World : Energy efficiency and growth, the Chinese way

For years, Beijing has pursued an energy intensity target relative to GDP, allowing China to continue growing at breakneck pace. No longer. Just like the EU, China has now put a cap on energy use by 2020. And it is more ambitious than Europe’s own target, writes Fiona Hall

Fiona Hall is a former MEP and a board member of the energy efficiency NGO eceee. In September 2017 she took part in a two-day EU-China energy policy dialogue in Beijing.

As European politicians debate how ambitious the new EU Energy Efficiency Directive should be, a few diehards remain unconvinced, despite the ample evidence that higher efficiency equates to higher growth and that saving energy is five times cheaper than producing it.

Real men build power stations, they believe – and countries with real growth, such as China, pursue an energy intensity target (relative to GDP) rather than an absolute energy cap.

Wrong! China in its 13th Five Year Plan (2016 – 2020) has put in place a ‘double-control implementation scheme on total energy consumption and energy intensity’. Against a planned GDP growth rate of 6.5% a year, not only must energy consumption decline by 15% per unit of GDP, but  total energy consumption must not exceed 5 billion metric tons of coal equivalent (tce) – 800 million tce less than the total energy consumed in the previous five-year period.

So, just like the EU, China has now put a number on the amount of energy to be used by 2020. How do the figures compare? 5 billion tce is equivalent to 3500 megatonnes of oil equivalent (mtoe), so roughly two and a half times the EU 2020 target of 1474 mtoe. Given that the EU has a population of 512 million and China a population of 1,379 billion, the Chinese are planning to use less energy per capita  up to 2020 than EU citizens. Startling news for the ‘real growth’ brigade.

What reasons does China give for putting in place this ‘double control’ on both energy intensity and energy use? There are reasons that sound rather familiar to European ears. Climate change is part of the story, but the top lines are energy security and competitiveness. Energy efficiency is seen as a resource that  supports stable and rapid economic growth.

Industrial consumers in China pay more for their energy than in Europe. Contrary to the practice in some EU Member States, China protects household consumers with a regulated tariff and puts all the burden of energy costs onto industry. As a result, industrial energy savings delivered through energy management contracts play a major role in delivering the energy efficiency target.

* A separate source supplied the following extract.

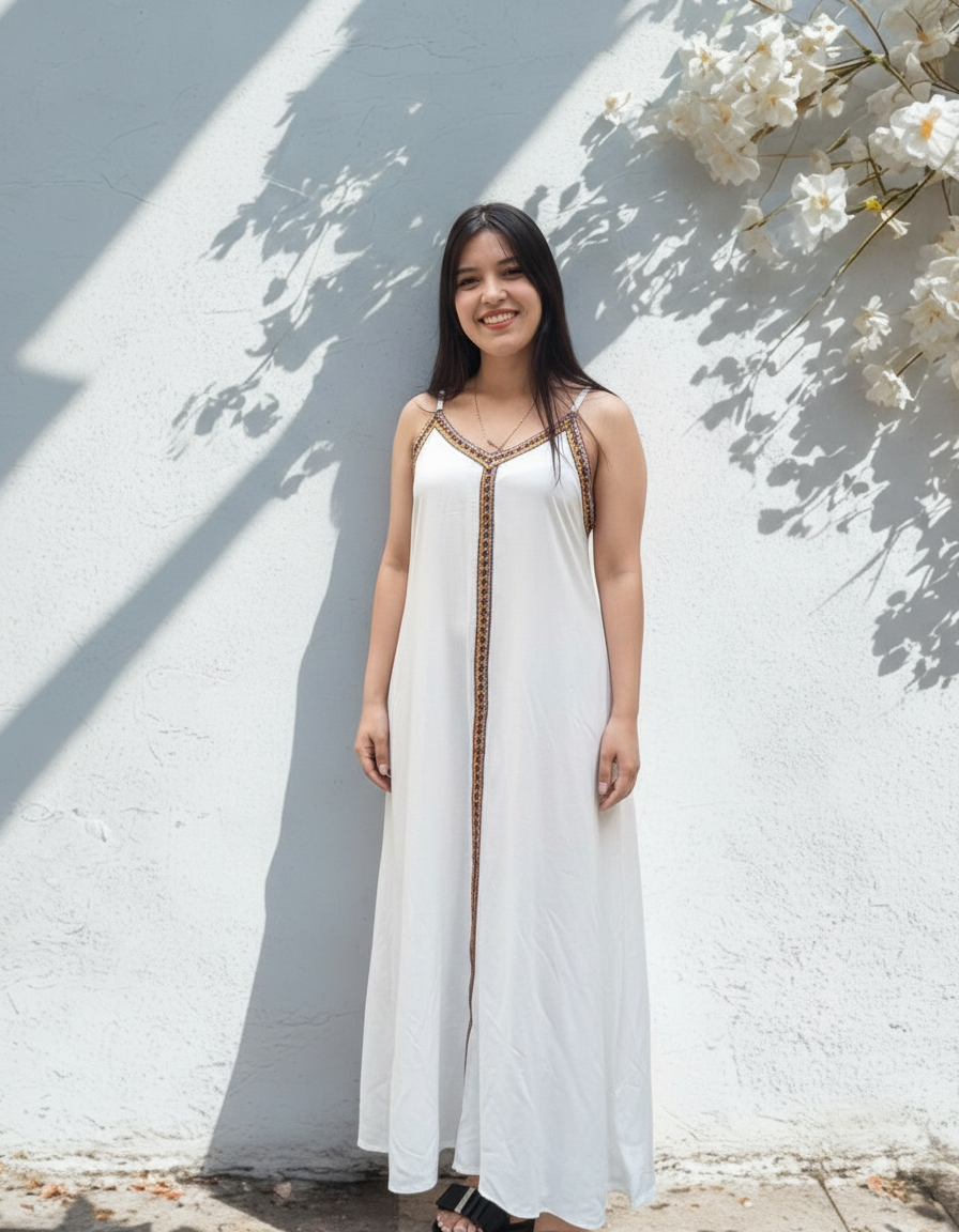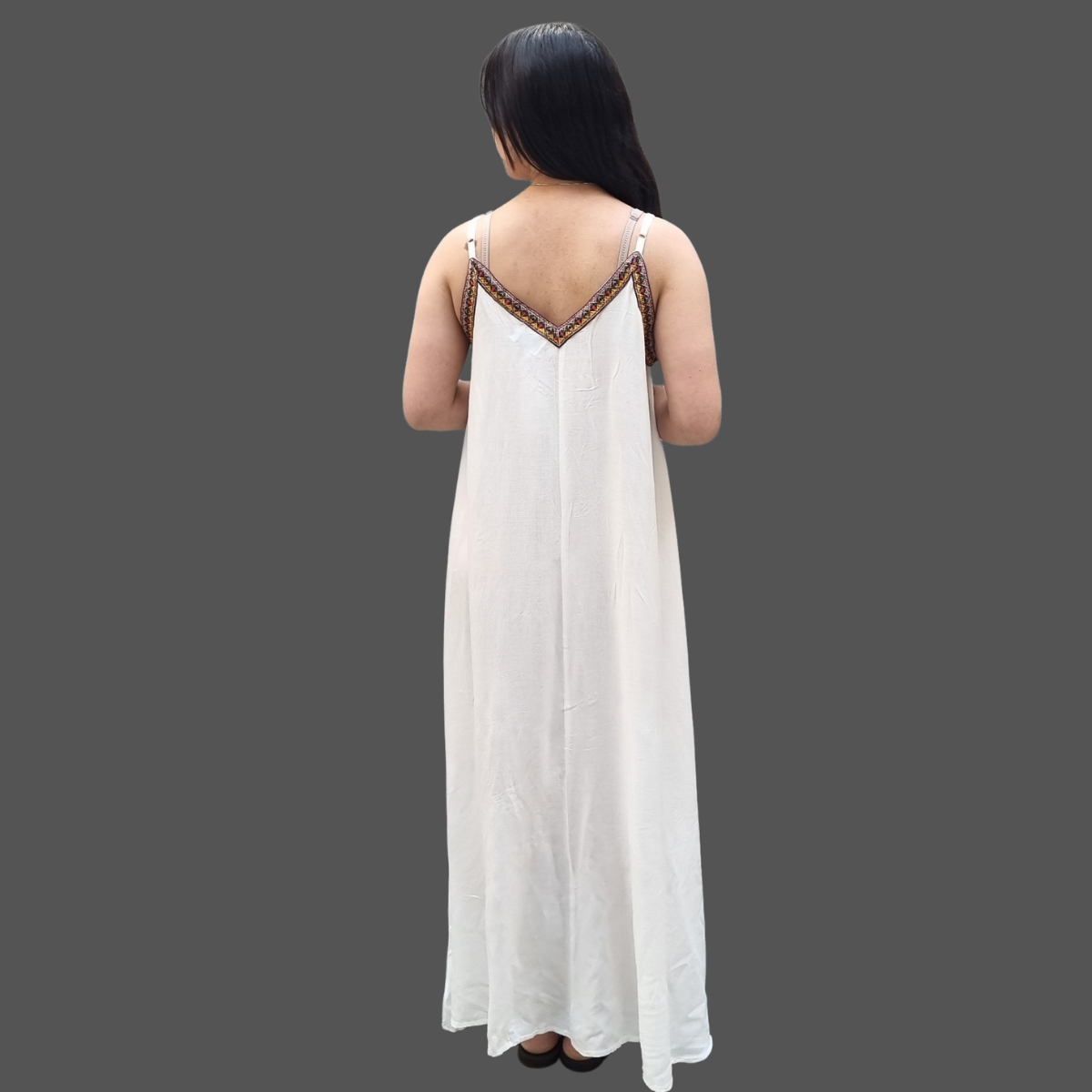 VESTIDO LARGO BORDADO CON TIRITAS REGULABLES

Minimum standards for energy-using products and equipment have been highly effective too, as in Europe.

Nevertheless, some potential for energy efficiency remains largely untapped in China. A nearly-zero-energy building standard exists but is being implemented to 2020 through 10 million m2 of pilot projects rather than as the norm for new construction. For 2030, the goal is for 30% of new and renovated buildings to be nZEB, with 30% of the residual energy demand coming from renewables.

As for China’s power system, it remains rigidly regulated and scheduled, leading to inefficient dispatching and grid use: up to 25% of renewables production finds itself curtailed. Moves to a more efficient, market-based approach are still tentative – in the words of the Director of Institutional Reform in China’s National Energy Administration (NEA), “we try to cross the river by touching the stones”.

Yet even with an over-supply rather than an under-supply of power, energy efficiency remains a guiding principle for China. It is “the first energy”, says the NEA, essential for both global competitiveness and the fulfillment of climate pledges.

As EU legislators set the EU’s energy efficiency targets for 2030, we must hope that they too understand that global economic leadership and energy efficiency go hand-in-hand.